The solution that’s gotten me this far is working on a lot of different projects at once. I often find myself hesitating, reluctant to work on something, when I don’t know what I want to do next or where the story is going, when there’s a question I can’t answer. Instead of banging my head against this wall, I’ve found it most effective to switch gears entirely, work on something else, and inevitably while I’m focused elsewhere I stumble upon something that breaks my previous deadlock. Everything, every experience I have, every person I meet, every bit of work I do feeds every other bit, and I never know how something is going to be useful so I try to pay attention to everything that happens around me. It’s tough, but since this is mindfulness in essence, the attempt is good for my brain even when it doesn’t result in much productivity.

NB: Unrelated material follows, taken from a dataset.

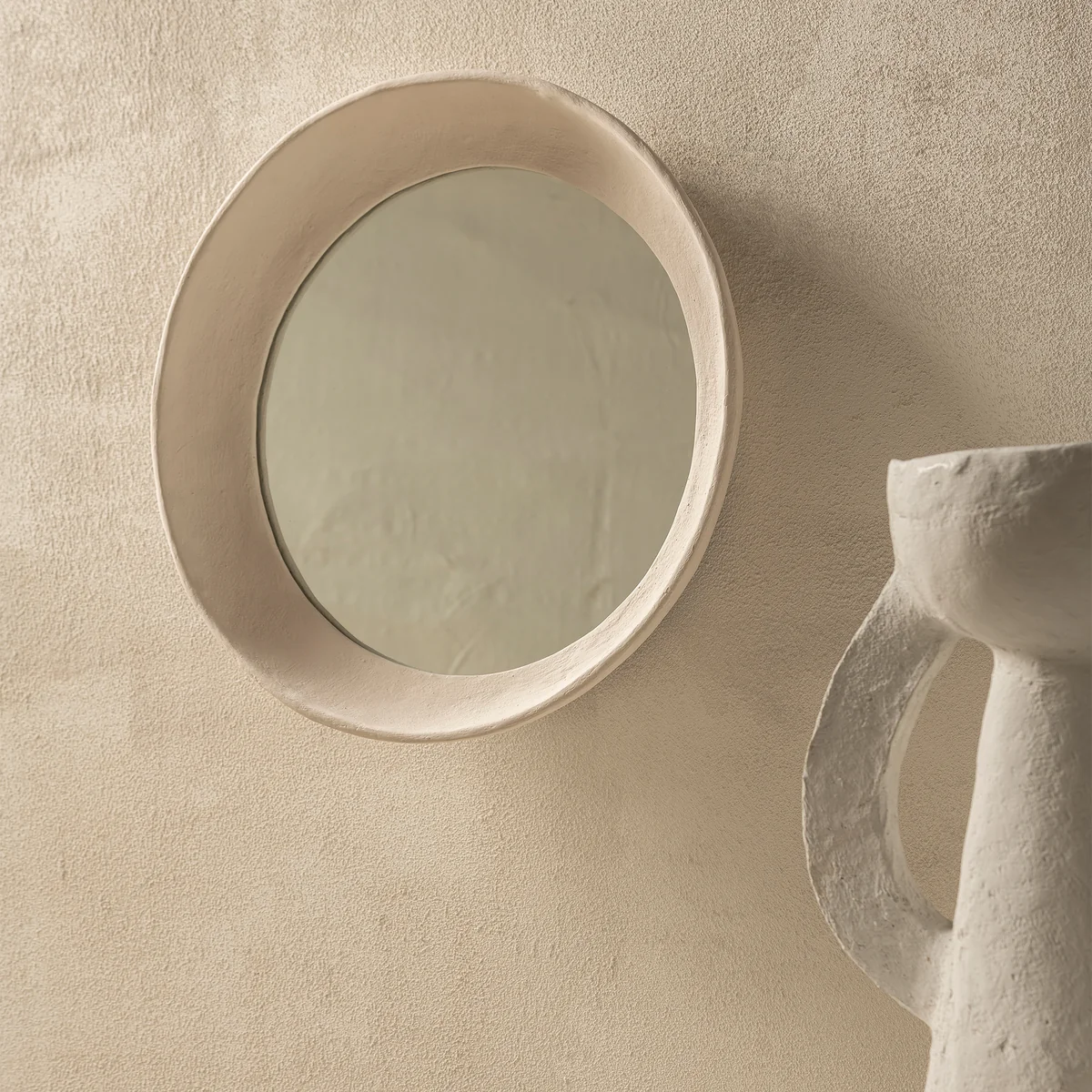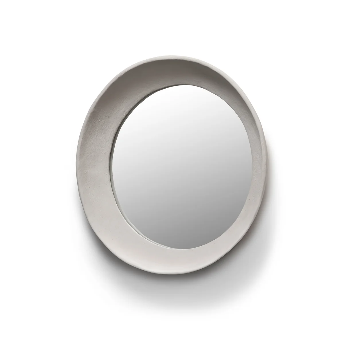 Der Earth Spiegel von Serax verbindet organische Linien mit einer authentischen, handwerklichen Ausstrahlung. Der unregelmäßig geformte Rahmen besteht aus Papiermaché und spiegelt die Handschrift nachhaltiger Materialwahl und individueller Fertigung wider. Jeder Spiegel ist dadurch ein Unikat mit leicht variierenden Oberflächen und Strukturen. Sein natürlicher Off-White-Ton und die sanfte, unregelmäßige Form machen den Earth Spiegel zu einem besonderen Akzent in modernen, minimalistischen oder naturnahen Einrichtungen.

One issue I’ve had with the usual “write every day” advice is that shame spiral associated with a constant opportunity to fail. I get the impression that this is an issue other people don’t have as much, so it may not make sense to people with brains that work properly, but when I try to make myself write every day, what actually happens is I agonize every second of every day about writing, but don’t write at all. If I manage to keep it up for more than one day at a stretch, the pressure of the “streak” silences me, the weight of sunk cost if I stop now makes it impossible to think about anything else. If I skip a single day, the deep Well inside me starts to whisper about the futility of it all, the pointlessness of even trying if every day is another test and another opportunity to fail. This is the kind of trap my brain loves to set up – the kind where every road leads right back to this place, this still, lonely Well, this waiting room.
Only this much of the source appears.